I thought it was simply that my father was in one hospital that week and my brother-in-law in another.  I was ragged and worried and this was just too much.  Too much!

But as we finished up the class earlier this week, I read other peoples comments.  This seemed to be one of the hardest habits to build.  “When I stalked through my day thinking ‘I have to find one person to be nice to,’ it really stressed me out.

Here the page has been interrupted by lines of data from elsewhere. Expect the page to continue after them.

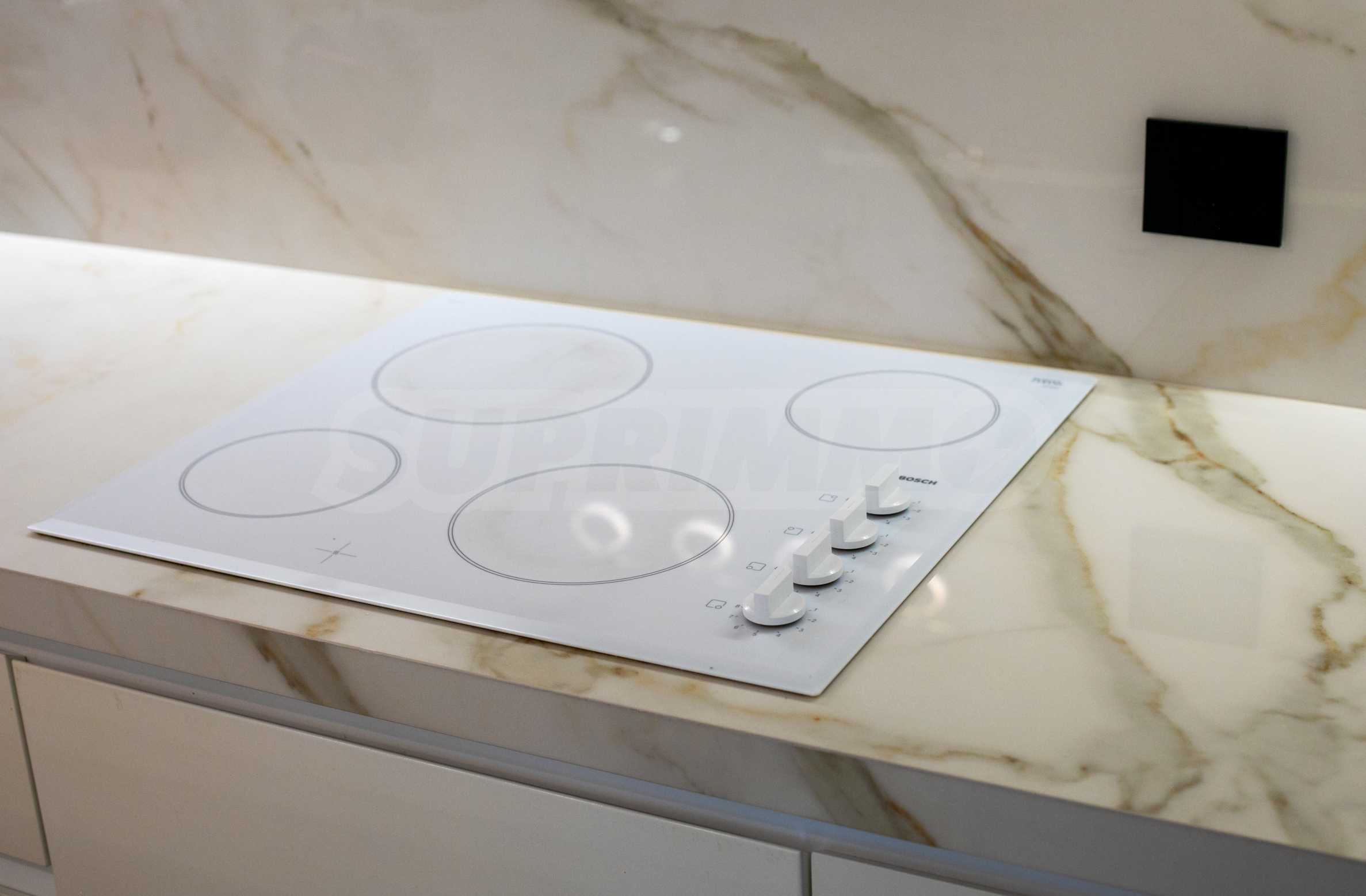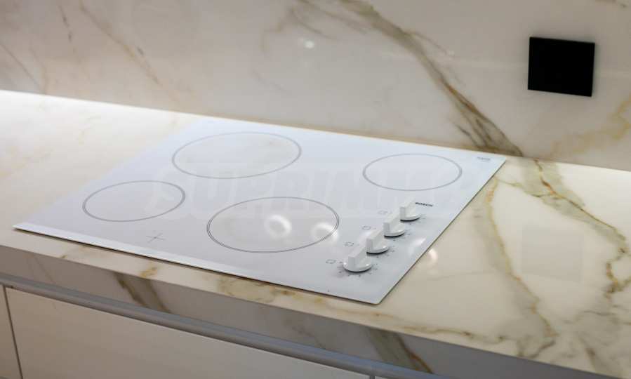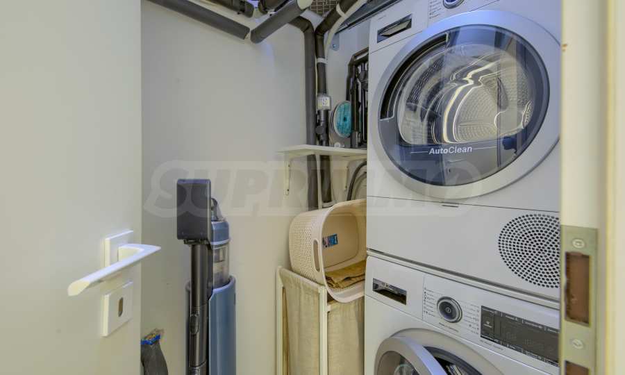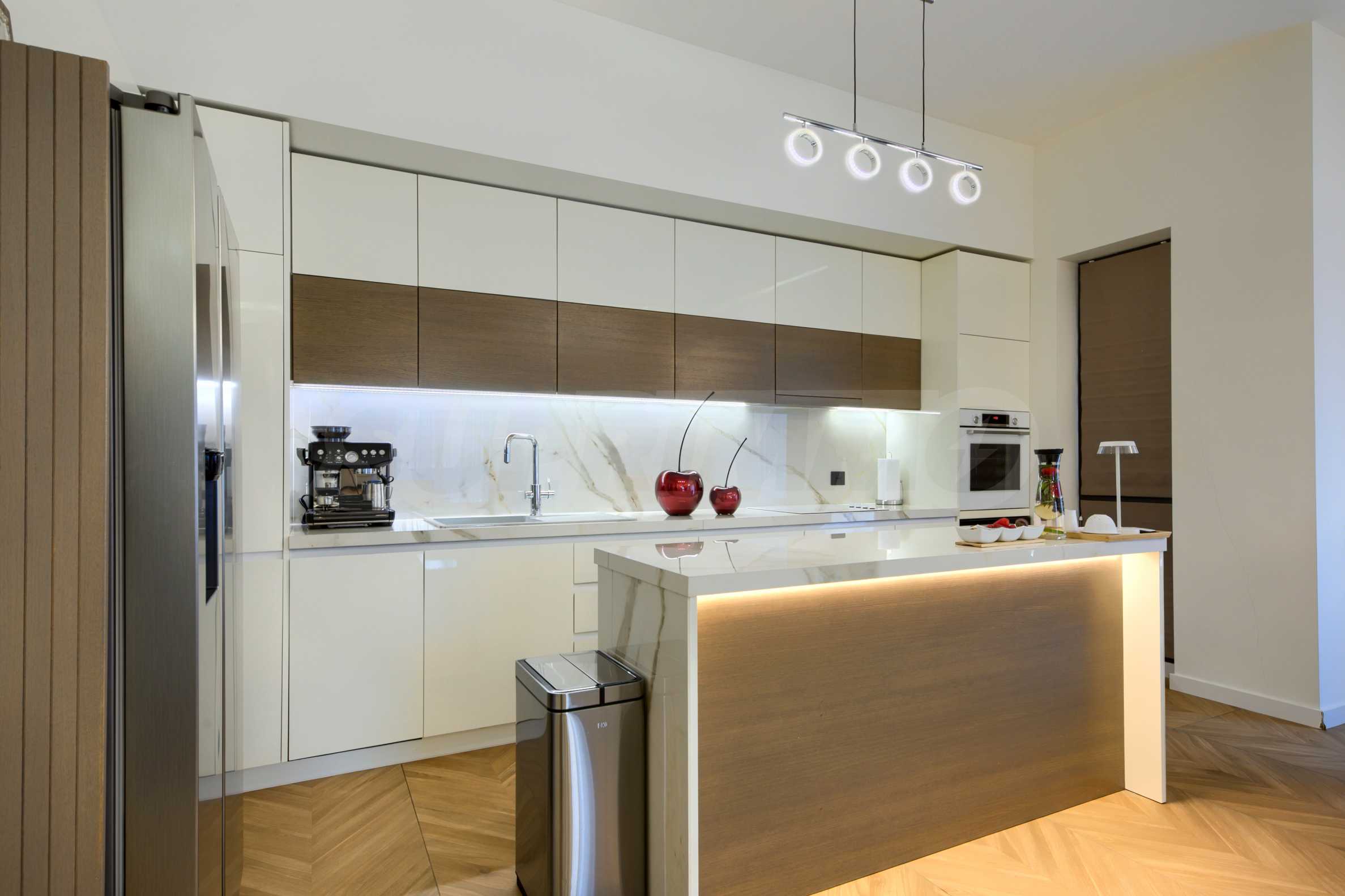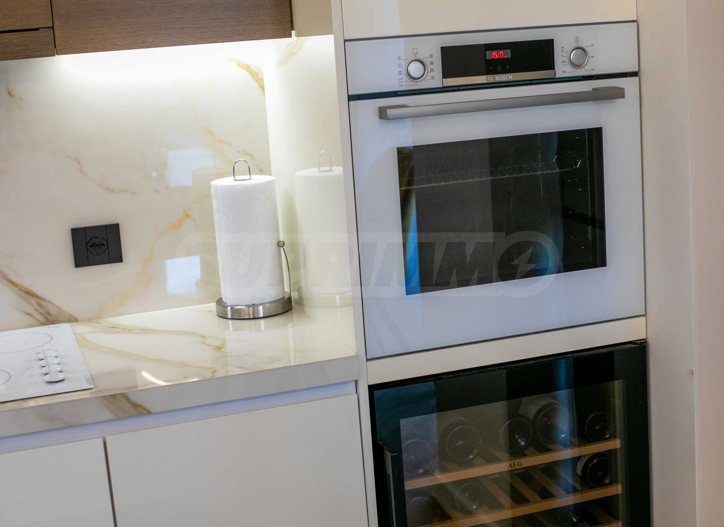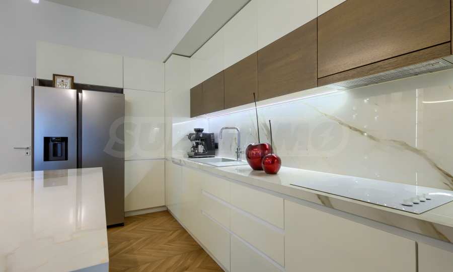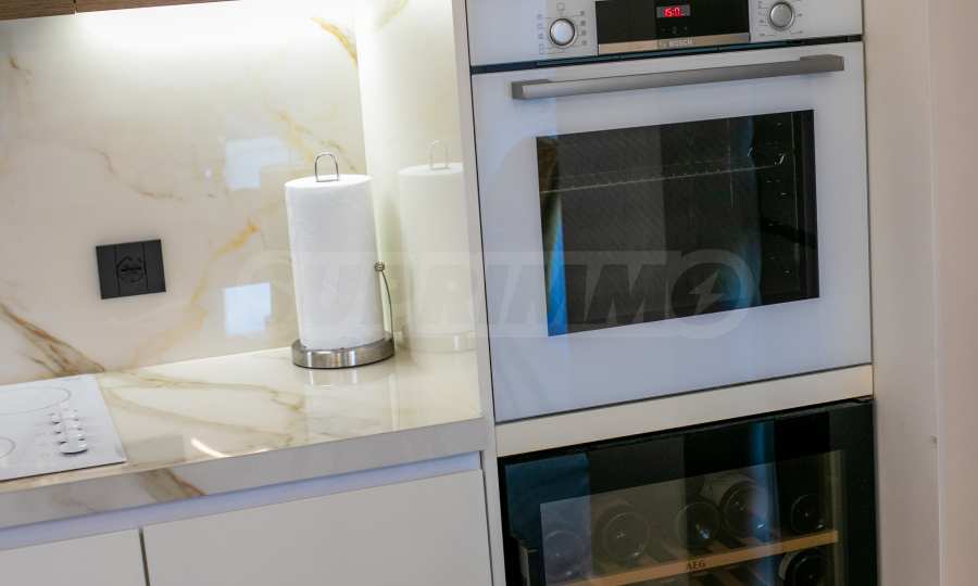 Кухнята е напълно оборудвана с бяла техника от Bosch и Samsung, включително витрина за вино AEG и **система Grohe за пречистване на питейна вода с охлаждане и газировка. Черната техника включва 4 телевизора (Sony 75" и 43", Samsung 55" и 43"), саундбар Bose, както и робот за сухо и мокро почистване Dreame L20 ultra.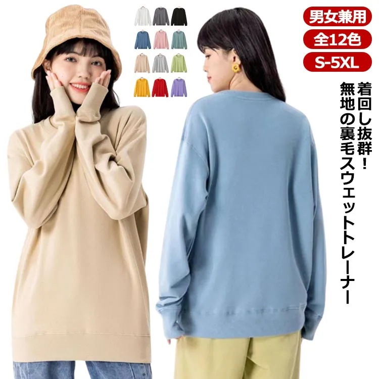 スウェット トレーナー レディース メンズ スエット プルオーバー クルーネック 無地 シンプル オーバーサイズ 綿 コットン ラル パーカー 長袖 トップス 学生 大人 カジュア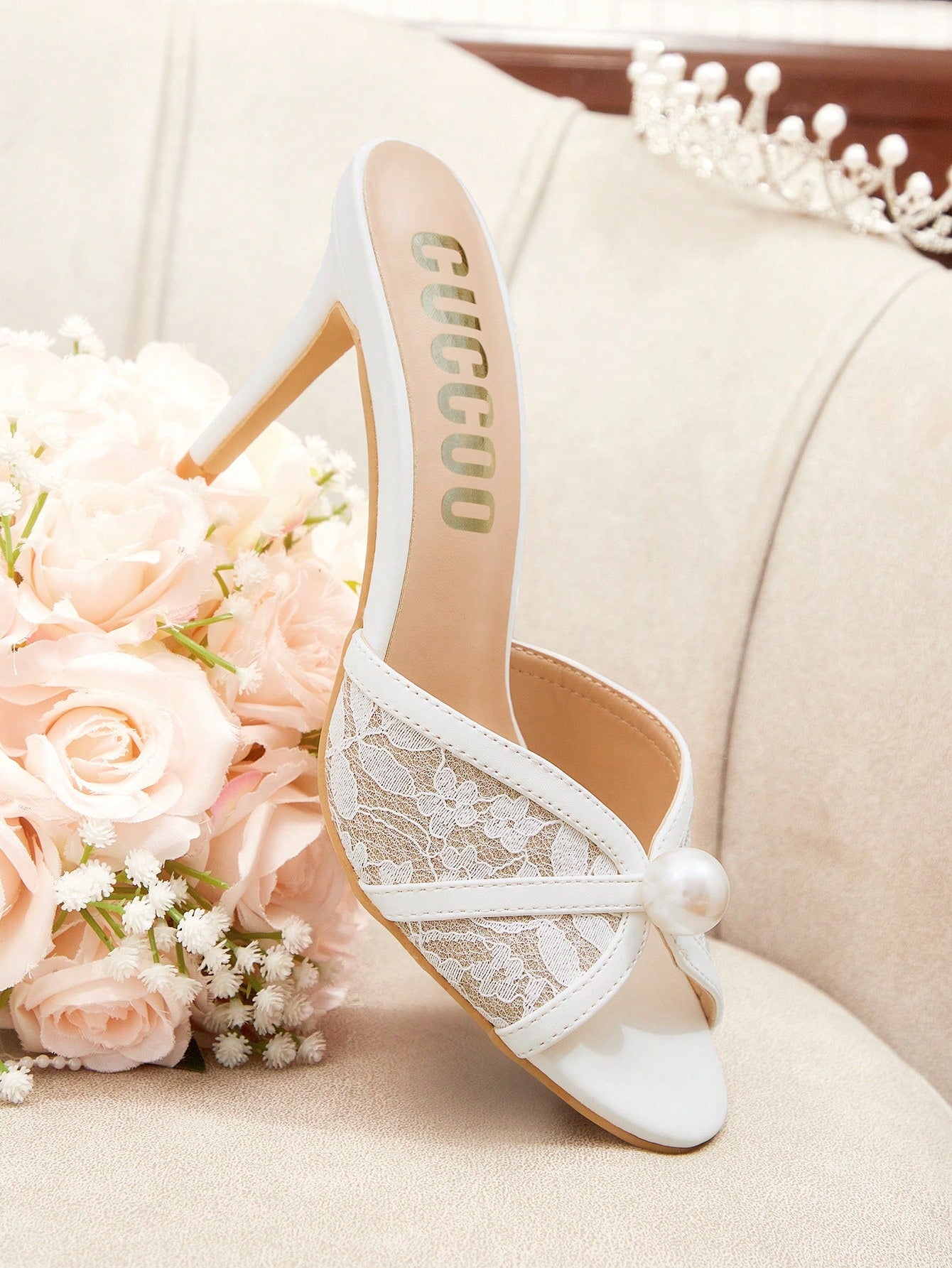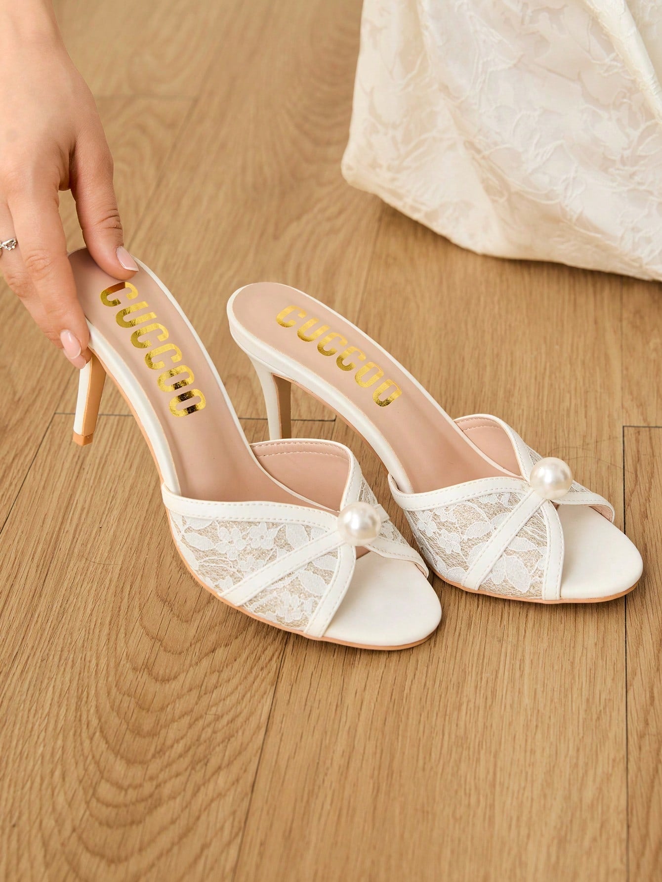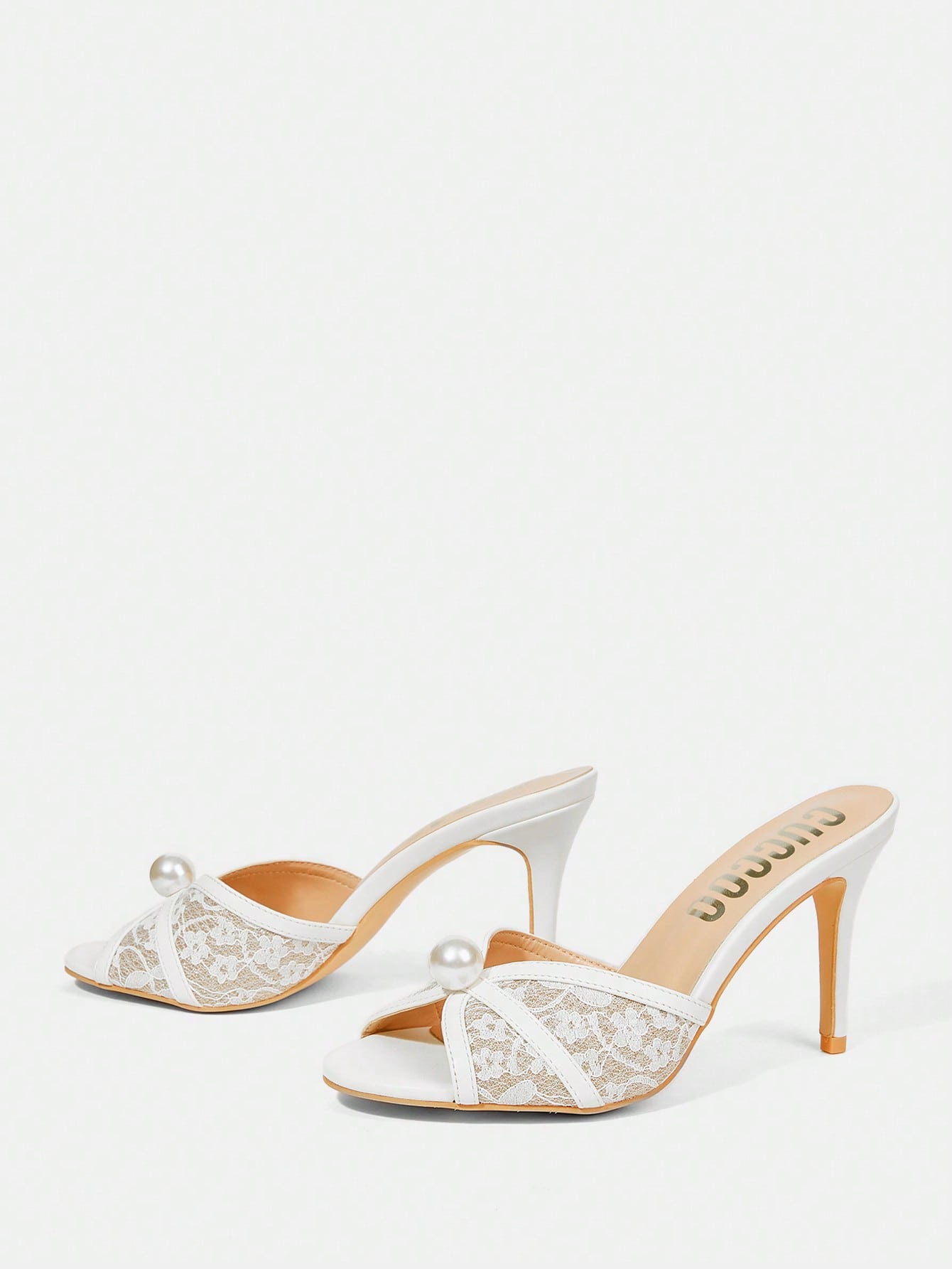 women CUCCOO HITCHD Women's Round Toe Lace & Pearl Decorated High Heel Sandals
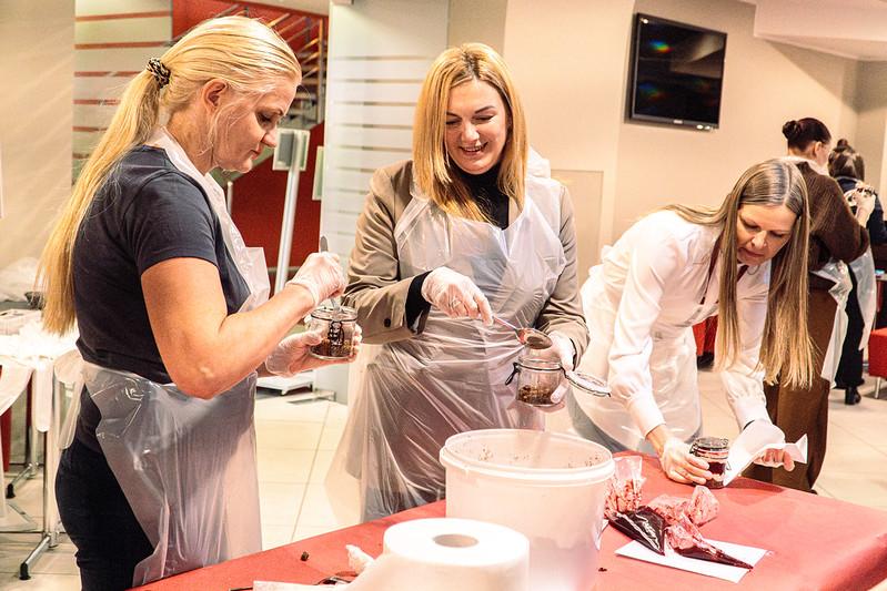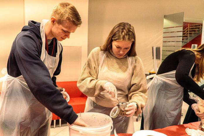 The masterclass was led by Valērija Orlova, a master’s degree student in nutrition science, and by the members of nutrition science student interest group. All the ingredients were prepared in advance in the training kitchen of the RSU Medical Education Technology Centre, so all the participants had to do was to arrange them beautifully in jars and decorate them.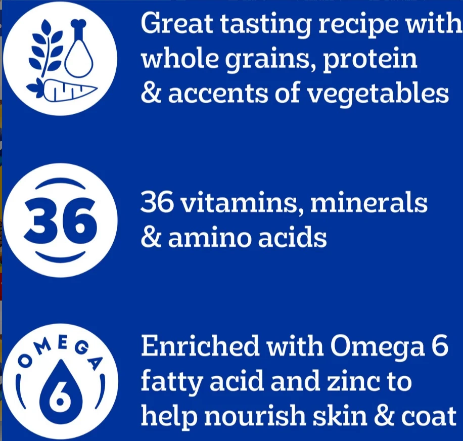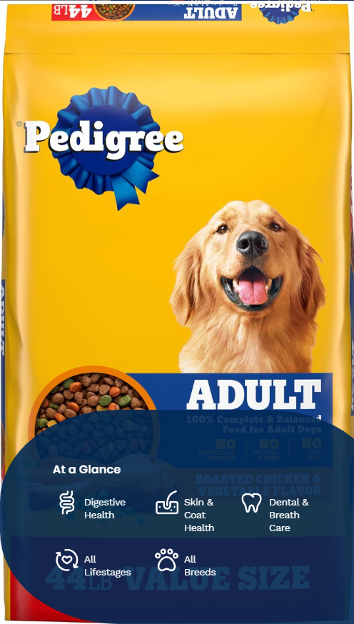 This great-tasting dry dog food recipe comes with whole grains, protein, and accents of vegetables. Made with 36 vitamins, minerals, and amino acids to support your furry friend’s health and vitality. Enriched with omega-6 fatty acids and zinc to help nourish a healthy skin and coat. 100% complete and balanced food for adult dogs, bringing a nutritious meal to your pet. Crafted with no high-fructose corn syrup, artificial flavors, or added sugar. Dogs bring out the good in us; Pedigree brings out the good in them. Express your love for your furry friend by serving Pedigree Complete Nutrition Adult Dry Dog Food, Roasted Chicken & Vegetable Flavor. This 100% complete and balanced adult dry dog food recipe is great tasting and contains whole grains, protein, and accents of vegetables, bringing your canine companion a meal with quality nutrition that keeps them happy. To support your furry loved one’s health and vitality, this dry dog food recipe is formulated with 36 vitamins, minerals, and amino acids. It also contains omega-6 fatty acids and zinc to help nourish a healthy skin and coat. With no high-fructose corn syrup, artificial flavors, or added sugars, Pedigree Complete Nutrition Adult Dry Dog Food, Roasted Chicken & Vegetable Flavor shows your furbaby that you care—and have great taste. Specifications Item Number 362466 Weight 44 pounds Packaging Type Bag Made In United States Sourced From Various Lifestage Adult, All Lifestages Breed Size All Breeds Food Form Dry Food Special Diet With Grain
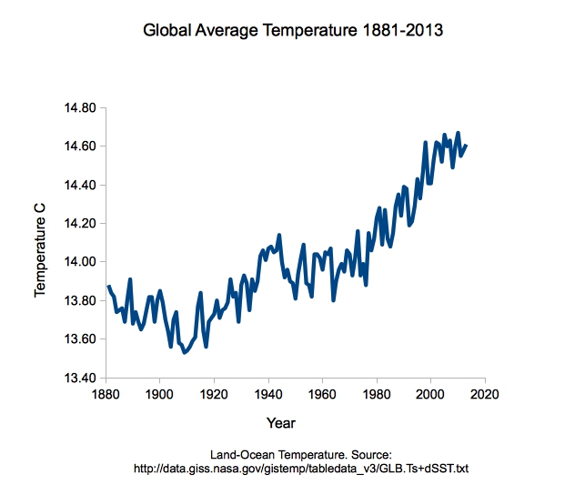 Using these data I made this handy graphic showing "surface temperatures" (air and sea surface) over time from 1881 to the present.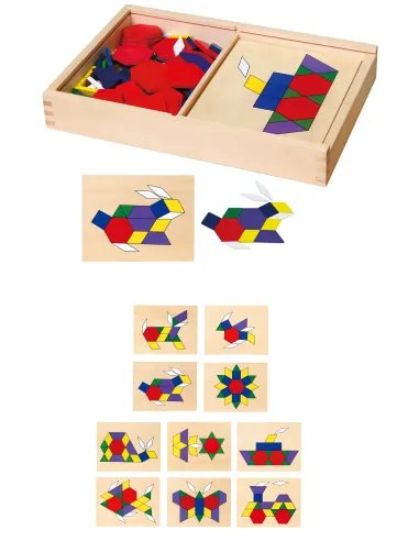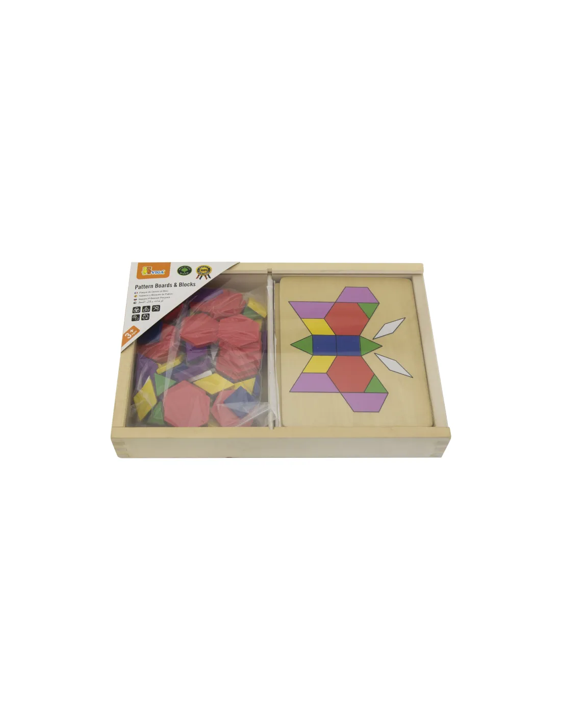 Jūsų vaikas galės suderinti figūras su pridedamais šablonais ir sukurti tokius dalykus kaip laivas, zuikis, drugelis ir kt. Iš viso medinėje dėžutėje, skirtoje blokeliams laikyti, yra 148 detalės ir 10 skirtingų medinių lentelių. Medinis

When I loosened up and noted whenever I was nice, it was much easier and I actually did it.”

Observe and engage in kind acts vs treating them like a duty.  One way worked.  The other didn’t.

Maybe this is just another facet of actually seeing those around us and following the Golden Rule?

–SueBE

This past weekend I had my 35th high school reunion.

I had completely forgotten how many people called me Beth.  How do you get Beth from Sue?  You don’t.  Beth, Marini and I ran around together.  We had gone to gradeschool together.   Beth and I were both quiet strawberry-blondes with fair skin.

I quickly learned that the sun is not your friend.  My husband jokingly calls my sunscreen SPF 2000.

But I was standing talking to two women and one of them patted my arm.  “Your skin is so nice.  Isn’t her skin nice?”

Um, thank you?

Taking a compliment has never been my strength.  Instead of just accepting it, I want to downplay it.  Freckles, ugh!

But these women were being genuinely sweet.  They wanted to say something nice and all I had to do to make them feel appreciated was say thank you.  Sure it had taken them a moment to realize that I’m still not Beth . . . oh, we should have switched name tags!  That would have been so funny . . .

–SueBE

 

People used to ask me why I did’t camp with the Scouts.  Because when I did one of two things would happen.  It would rain.

As a Cub Scout mom I reconnected with another mom.  We had been Girl Scouts together.  We shared a tent on a Cub Scout trip and at one point she looked at me.  “Oh, right.  It did always rain when you were at camp.”  Some of us are just talented in unexpected ways.  What can I say?

Sometimes it would storm.  On my only camping trip with the Boy Scouts, we had three tents collapse.  Lightning was slicing through the sky as we put two new tents up.  Me?  I elected to sleep in the car.  My husband and I were the first two up come morning.  The sun was out and birds were chirping.  Then we discovered that one end of the dining fly had been smashed.  We managed to reach the camp stoves, the coffee pots and the doughnuts.  When everyone else got up we had the brew perking away.  “Why are you in such a good mood?” snarled one sleepy dad.  Yes, I laughed out loud but I also handed him a cup of coffee.

God made us so that we can laugh.  He also gave us the ability to cry.

When faced with a crisis, you can select which way to go. I tend to opt for laughter.  Sure, it annoys some people. But if you cry, you won’t be able to smell the coffee.  Me?  I’m opting to laugh with my fellows over a cup of coffee.